Но и вооружившись чувством долга, оснащенные юридическими нормами и служебными предписаниями, мы все-таки не можем безнаказанно нарушать нравственные основы человеческого общежития, вламываться в заповедники чужих мыслей и чувств. Мы не только грабим других — мы грабим самих себя, заглушая в себе естественное чувство стыдливости, нравственные начала глохнут в нас, уступая место беззастенчивости, ухарству, развинченности.
Шинельное сукно липнет к щеке, оно намокло — от дыхания, что ли? — и кажется живым.

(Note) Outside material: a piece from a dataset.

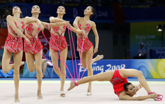 中國(guó)藝術(shù)體操新的歷史24日在北京工業(yè)大學(xué)體育館書(shū)寫(xiě)。中國(guó)姑娘們?cè)趭W運(yùn)會(huì)藝術(shù)體操比賽中,以35.225分歷史性地奪得集體全能銀牌,這也是中國(guó)藝術(shù)體操的首枚奧運(yùn)會(huì)獎(jiǎng)牌。 實(shí)力超群的俄羅斯隊(duì)以35.550分奪得金牌,再次包攬奧運(yùn)會(huì)藝術(shù)體操兩金。白俄羅斯隊(duì)以34.900分奪得銅牌。 北京奧運(yùn)會(huì)藝術(shù)體操項(xiàng)目設(shè)個(gè)人全能和集體全能兩枚金牌。此前,中國(guó)藝術(shù)體操的歷史最好成績(jī)是亞特蘭大奧運(yùn)會(huì)的第五名。24日的決賽中,中國(guó)藝術(shù)體操姑娘們?cè)诩议T(mén)口大放異彩。她們動(dòng)作編排精美,整體配合默契,在首輪5繩比賽中,就奪得第三名,超過(guò)主要競(jìng)爭(zhēng)對(duì)手意大利隊(duì)0.575分。 次輪3圈+2棒的比賽中,伴著京劇傳統(tǒng)音樂(lè)開(kāi)場(chǎng),中國(guó)姑娘們時(shí)而如飛鳥(niǎo)凌空展翅,時(shí)而如孔雀驚艷開(kāi)屏,甜美的笑容打動(dòng)了全場(chǎng)觀(guān)眾?胺Q(chēng)完美的表現(xiàn)令中國(guó)隊(duì)得分超過(guò)白俄羅斯隊(duì),一舉奪得集體全能銀牌?粗罱K的得分大屏幕,中國(guó)藝體姑娘們高興地?fù)肀г谝黄,哭成一團(tuán)。她們創(chuàng)造了中國(guó)藝術(shù)體操新的歷史。 俄羅斯隊(duì)在決賽中再次展示了在藝術(shù)體操領(lǐng)域的“霸主”地位。兩輪的全場(chǎng)最高分讓她們?cè)俅伟鼣埩吮本⿰W運(yùn)會(huì)藝術(shù)體操的兩枚金牌。這也是從悉尼奧運(yùn)會(huì)開(kāi)始,俄羅斯隊(duì)連續(xù)三屆奧運(yùn)會(huì)實(shí)現(xiàn)個(gè)人全能和集體全能金牌的包攬。 賽后,中國(guó)隊(duì)的主力隊(duì)員章碩高興地說(shuō):“完全沒(méi)想到能拿到銀牌。我們創(chuàng)造了中國(guó)藝術(shù)體操最輝煌的一刻。為了這一刻,我們奮斗了這么久,吃了很多苦。今天,我們做到了最好。今天,所有付出都得到了回報(bào)。” 對(duì)于奪得亞軍,中國(guó)隊(duì)教練白梅說(shuō):“其實(shí),中國(guó)隊(duì)的姑娘們訓(xùn)練特別艱苦,每天的訓(xùn)練都是在超越自己。今天的成績(jī)也是她們團(tuán)結(jié)一致、一起拼搏的結(jié)果。”

Не такое уж это удовольствие — идти по лесу. Хребтины корней — в земле им места мало — то и дело подставляются. Из-за скатки не видишь, и спина впереди закрывает — споткнешься и тычешься в эту спину, и сзади кто-то тычется. И все эти украшения на тебе болтаются, а у меня еще и сумка из-под гранат. Хорошо, что пустая, легкая, но нескладная — висит и хлоп под коленки, хлоп. Грачик заржал, как жеребец:
— Тяжело в походе — легко на привале!
Полковник наш шагает впереди. Говорить в строю можно — не орать, конечно. И петь не заставляет, Я же говорю, человек!
Но что у нас все-таки — марш-бросок? Растянувшись, не соблюдая строй, мы еще шлепаем километра два, пока не выходим на опушку. Впереди пустое, с реденькой травкой поле, измятое танками. С поля тянет жарой, так и хочется отступить, повалиться в разлапистый папоротник и закинуть подальше все эти железки, нагревшиеся, как утюги.
— Взвод! Становись! Равняйсь! Смирно! — возвращает нас к суровой действительности Панин. — Мы прибыли на место занятий. Можно снять скатки. Перерыв пять минут. Можно курить.
Через десять минут он выстраивает нас по краю уже отрытой кем-то траншеи и устраивает легкий опрос по теме «Стрелковая рота в наступательном бою». Мы, конечно, ни хрена не помним, записей — чтобы заглянуть и отличиться — ни у кого нет, и Панин, демонстрируя сверхспокойствие, целый час без перерыва прохаживается перед нами по ту сторону траншеи и терпеливо рассказывает, как должна вести себя эта рота с начала артподготовки и до занятия первой линии обороны противника. Так он ходит и ходит и даже не потеет, а у нас уже коленки трясутся. Мне еще ничего. Моя труба легкая, а у ребят автоматы с магазинами (слава богу, без патронов) — не сахар. Серега, доблестный водитель, застыл с ручным пулеметом на плече. Пулемет-то уж можно было положить или взять к ноге, но Серега, конечно, счастлив. А вообще зачем мы стоим с оружием?
После перекура мы спускаемся в траншею. Полковник теперь располагается сзади. В траншее тоже жарко, пахнет почерневшим на солнце дерьмом — обжитая траншея, но, если привалиться спиной к стенке и сдвинуть пилотку на глаза, все это кончается, и ты уже где-то в парке на скамейке, а она опаздывает еще только минут на пять, но это даже к лучшему, потому что есть время подумать о том, что можно предпринять, если в кармане у тебя всего три рубля, а нужно еще купить курева — хотя бы «Дукат» за семьдесят копеек. Остается два тридцать. Значит, рубль на метро. Лучше всего, конечно, в Сокольники. Но неизвестно, в каком она придет платье — если оно будет уж очень изысканное или очень светлое, самые тихие уголки Сокольников окажутся ни к чему, и тогда уж лучше и ЦПКО, чинно фланировать по асфальтированным дорожкам, издалека осуждать примитивные аттракционы, легкий обжим выше пояса, когда стемнеет, и эскимо за рубль десять в подтверждение самых нежных чувств. Но как возвращаться? Останется только двадцать копеек.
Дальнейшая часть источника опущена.